Wartime bullets have been discovered at a Mearns nature reserve which is proving to be a magnet for relics from the past.
The brass bullets from 1942 were found next to the old gun emplacement near the dune ridge at St Cyrus National Nature Reserve.
These defences focused around vulnerable stretches of coast, inland vulnerable points, as well as important coastal artillery batteries and dockyards.
Centre manager Therese Alampo said: “There is always something to stir the imagination at St Cyrus NNR.
“These 303 brass bullets from 1942 were found next to the old gun emplacement near the dune ridge by a very eagle eyed, knowledgeable gentleman.
“The bullets were made by Winchester and Remington and shot from Lee Enfield rifles during the second world war.”
The landscape at St Cyrus is constantly shifting, pushing out the northern coastline by up to five metres a year in some spots.
The sea is eroding the dune edge at the south end of the reserve and staff have witnessed remnants from the second world war emerging from the sands.
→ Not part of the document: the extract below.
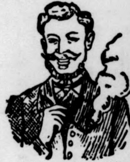
Egger mellpasztillája csakhamar meggyógyított
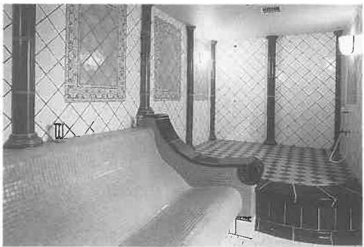
写真は横浜スカイスパ

サウナのなかったローマ時代のヨーロッパにあって、壁と床からの放射熱による温熱室(43℃～50℃)は温泉療法の重要な役目を果たしていました。当社はこの温熱室「テルマーレ」を理想的な意匠に仕上げ、夢のライフ・スパとして提案します。(写真は横浜スカイスパ)

A French legionnaire’s rifle from the 1800s, which was made in Saint Etienne, was discovered 10 years ago in a sea cave on the nature reserve.
More recently, four large barrel-shaped pieces of lard from a wartime shipwreck washed up at the beach in the wake of festive storms at the start of 2013.
The wreck of the Taurus, known locally as the Rosebury, is thought to lie further up the coast near Johnshaven, with bad weather setting free its contents over the years.
The lard first came ashore on the Mearns coastline in the 1940s and canny locals would scrape it off and fry food with it.
After a storm in the late 1960s or early 1970s the lard came onshore again.
Fishermen in the area were also said to have searched waters close to the wreck for their catch because fish which had fed off the fat had grown well beyond normal size.
SNH staff from St Cyrus remembered lard coming ashore in the early 1980s as well.
In September this year a 1920s tin can of Min cream car and household polish washed up at the nature reserve.
The tin can is the oldest thing ever found on the beach at St Cyrus and astonishingly still had cream inside it when it was discovered.
A drinks can – believed to be from the 1980s – was also found washed up on the sand in August. The pull-top Panda Shandy can was part of a growing trend of “retro rubbish” which has been washing up on UK beaches.